Roma was found in a remote stretch of trail near Mount Guyot, one of New Hampshire's 48 4,000-foot-plus mountains.

Maybe the lesson of Roma's death is to never be afraid to turn back, no matter how experienced or brave you are.

The Killington situation is murkier because it is possible to not see boundary signs and ski areas can't mark the entirety of their boundaries.

But do know this.

Don't ski or ride out of bounds unless it's a designated backcountry area like Tuckerman Ravine or the Gulf of Slides on Mount Washington, one of the many gladed forest zones that have been legally cleared by groups like the Granite Backcountry Alliance or Western Massachusetts Backcountry Alliance, or a ski area's own designated sidecountry or backcountry such as Sugarloaf's Burnt Mountain and Brackett Basin.

For people who crave adventure there's plenty of mapped-out, accessible backcountry in New England.
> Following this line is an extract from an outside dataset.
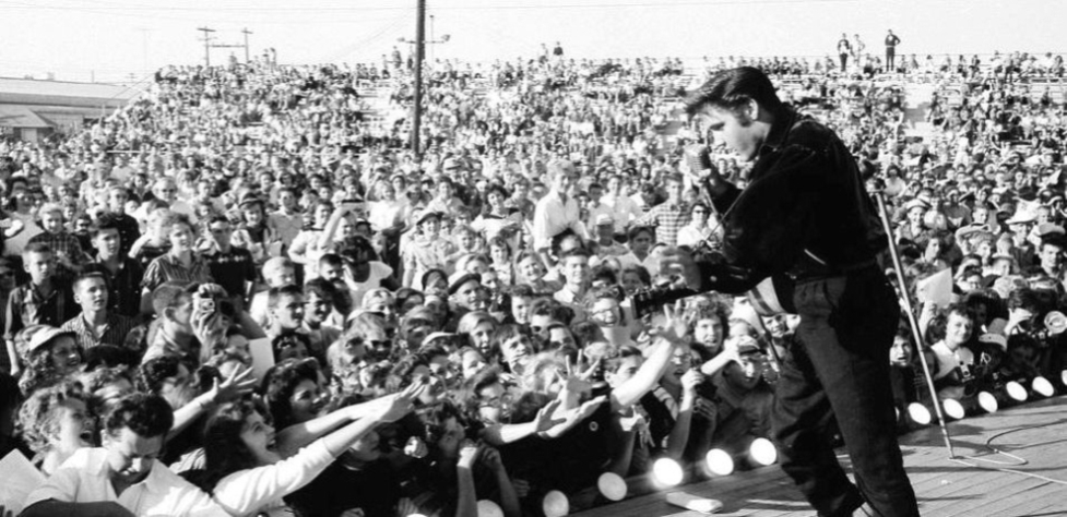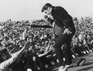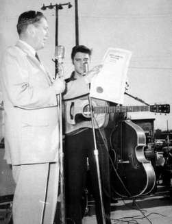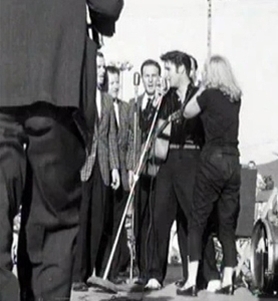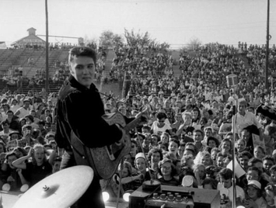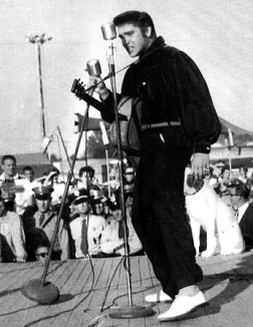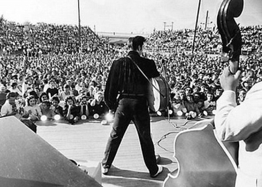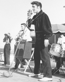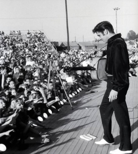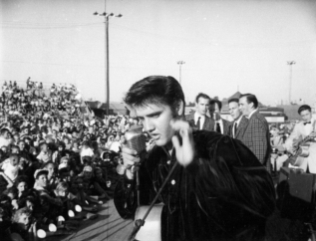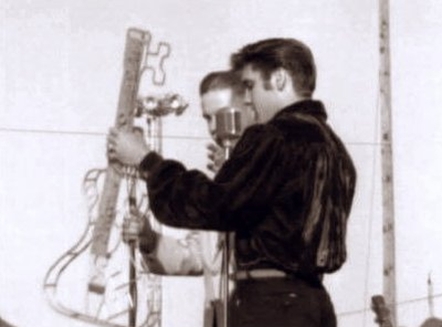 Elvis Presley live bei der „Mississippi-Alabama Fair And Dairy Show“ auf der Open Air-Bühne des „Tupelo Fairground“ in seiner Geburtsstadt Tupelo/Mississippi, Mittwoch, 26. September 1956, Nachmittagskonzert. Elvis trägt ein tief dunkelblaues Samthemd von „Lansky’s“ mit schwarzer Hose und singt vor 20 000 Fans (ausverkauft). In seiner Show bringt Elvis seine rekordbrechenden Millionen-Hits des Jahres sowie aktuelle Album-Songs und wird begleitet von seiner regulären Band „The Blue Moon Boys“ mit Scotty Moore (Leadgitarre), Bill Black (Bass) und D. J. Fontana (Schlagzeug) sowie dem Back-Up-Chor „The Jordanaires“. Während des Auftritts erhält Elvis von Tupelos Bürgermeister James Ballard einen symbolischen Stadtschlüssel in Gitarrenform. Später schafft es eine besonders begeisterte Blondine, auf die Holzbühne zu klettern und kurz bis zu dem jungen Rock’n’Roll-König vorzudringen. Am Abend sind zum zweiten Konzert noch einmal 20 000 Menschen auf dem Gelände, und Elvis spendet seine gesamte Gage in Höhe von 10 000,- Dollar der Stadt, die er 1948 als 13-Jähriger zusammen mit seinen Eltern verlassen hatte, um in Memphis/Tennessee eine bessere Zukunft zu finden. Seine Rückkehr für einen Tag an diesem 26. September 1956 ist für die Stadtoberen von Tupelo Anlass genug, den Tag zum „Elvis Presley Day“ auszurufen.

Yes, that can be dangerous too. But it's allowed, and much of it is patrolled.

In the Killington case, the ski area — which reportedly fired an employee who allegedly ducked a boundary rope — was not and should not have been responsible for the carelessness or willful recklessness of the skiers and riders who ventured into woods they did not have the skill, preparation or right to ski.